But the beneficial influence of his writings is not confined to their political effect: they inculcate a tone of manly morality, as distant from any rigid and puritanical austerity, as it is from the heartless levity, the profligate selfishness of the revolutionary school. No professed writer on ethics has supplied rules of conduct or principles of action, better adapted to the various conditions and exigencies of life. Their uniform tendency is to inspire the active and social spirit becoming the citizens of a free nation; to connect more closely the interests of the individual with those of his country, to render the motives to integrity and patriotism as attractive as they are powerful. His maxims have all the force without the pomp of Johnson. An intimate experience of the true springs of human actions gives to them the truth and the animation of real life. Let them be compared with the political Essays of Lord Bolingbroke, who, forgotten as a philosopher, still maintains his station as a model of political writing. Burke commenced his literary career by proving that he could expose and refute Bolingbroke's flimsy doctrines, while he could surpass the beauty of his composition; and he concluded it by a vindication of civil society, which has most powerfully contributed to set at rest the questions agitated by an unsound and a mischievous philosophy.
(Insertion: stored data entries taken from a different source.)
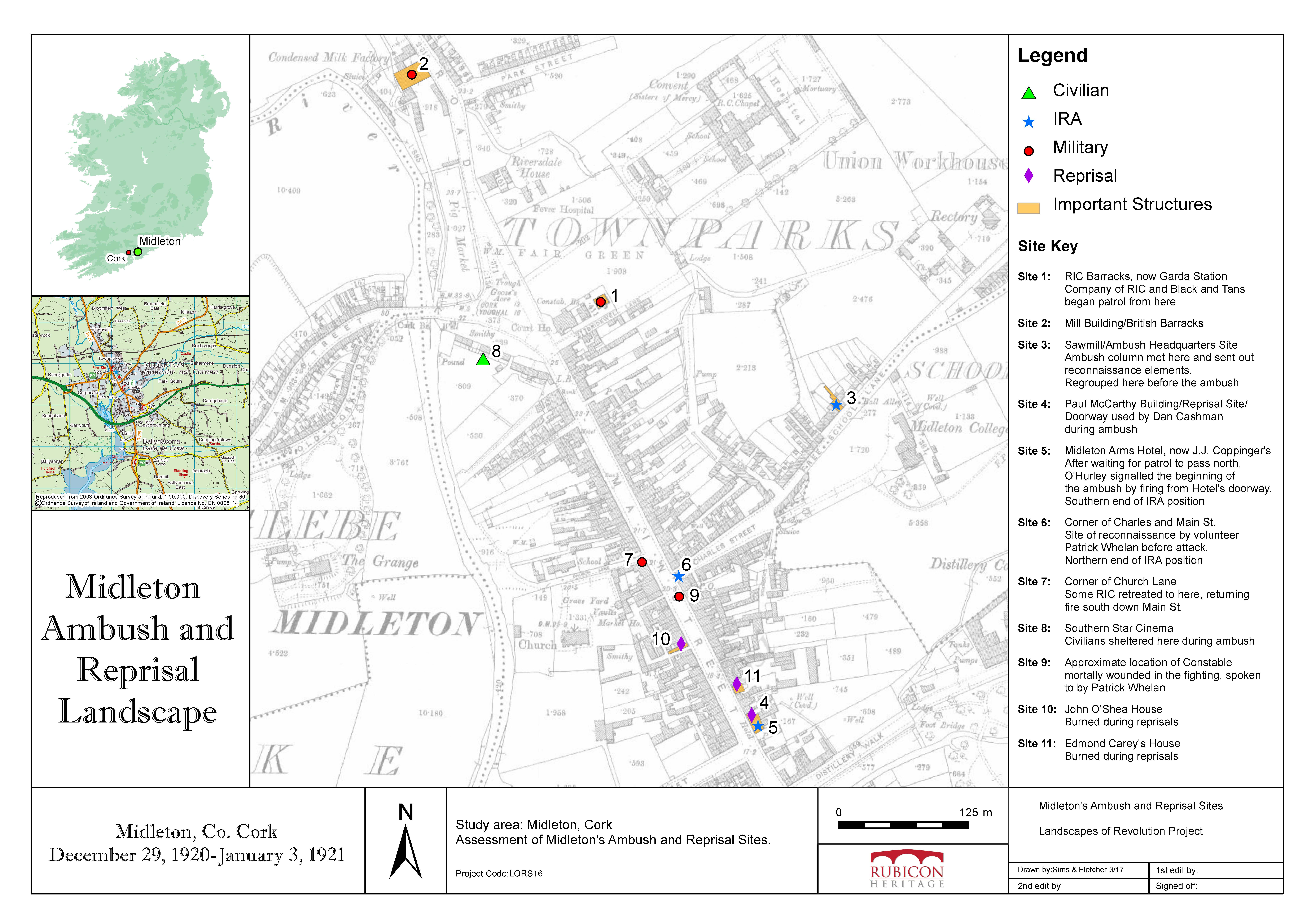 The Landscapes of Revolution Project has undertaken extensive work to identify, locate and promote the archaeological landscape of the ambush that took place in Midleton, Co. Cork on 29 December 1920. The attack, which occurred on the town’s Main Street, resulted in the deaths of three members of an RIC patrol, and led to the first official reprisals during the War of Independence. In addition to identifying the key elements of the site and engaging with the local community to uncover further details about the event, Landscapes of Revolution has also led a programme of interpretation at the site, which it is envisaged will lead to the installation of an interpretive panel in the near future.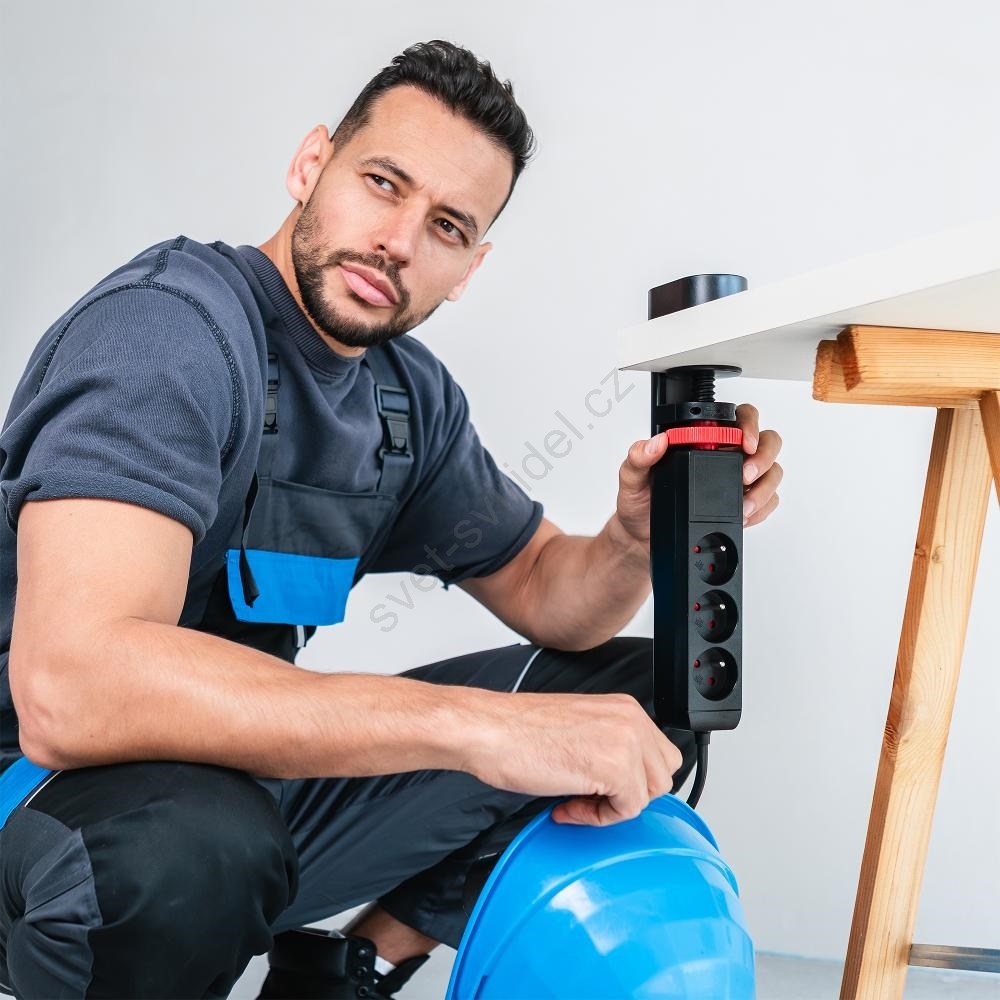 Prodlužovací kabel s uchycením na stůl 3Z Typ E + 2xUSB-A + 1xUSB-C 1,5m černá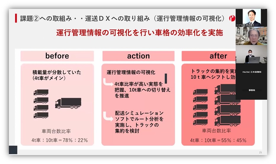 ・運行情報から4t車メインによる積載効率の低さを把握し、10t車の比率を上げた。
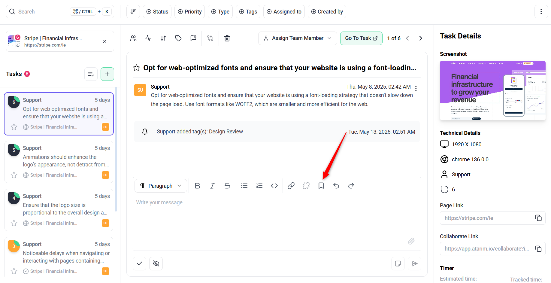 - Provides visual context for the task, ensuring clarity in reported issues or feedback.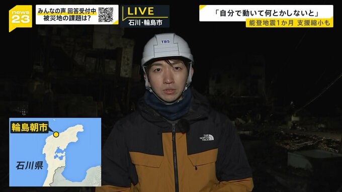 私は、地震の爪痕が色濃く残る輪島市の朝市通りにいます。1か月経っての“変化”というのを、現場で感じています。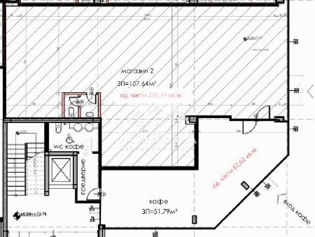 Магазин 1, със застроена площ - 135.81 кв.м, с общи части - 161.77 кв.м, площ с идеални части от дворното място - 178.06 кв.м

The principal and the most popular censures of Burke's writings, whether in point of literary taste, or of political doctrine, may be comprised in the word eraggeration. We cannot refrain from suggesting some few reflections on this criticism. That they are guilty of an occasional diffuseness, manifestly not the result of any barrenness or any languor of ideas, but of an intense anxiety to impress his own opinions on the reason and the passions of mankind, we most willingly admit. It would also be absurd to deny, that his metaphors are sometimes harsh and strained to a degree not entirely excused by their forcible illustration of his meaning; or that his propositions themselves are sometimes carried to a faulty extreme in taste and in reasoning. But does all this, in truth, amount to more than a superfluous proof, that iu ardour of temperament, the heartfelt and zealous attachment to a favourite cause may overcome the severer rules of the judgment ? No author has explained more clearly or more rationally than Burke himself, the principles of taste which he may too frequently be accused of violating. Nay, if we examine what are more strictly his literary works—the Inquiry into the Sublime and Beautifulthe Vindication of Natural Society--the Introduction to the History of England-or even his earlier political writings, we shall admit them to be free from these defects in sentiment and in composition. They have less of rhetorical amplification, are more simple in the language, more temperate in description and in statement, though not less powerful in argument, than his later productions. What then is the cause of this difference, which it were idle to attribute to chance, or to any depravation of taste?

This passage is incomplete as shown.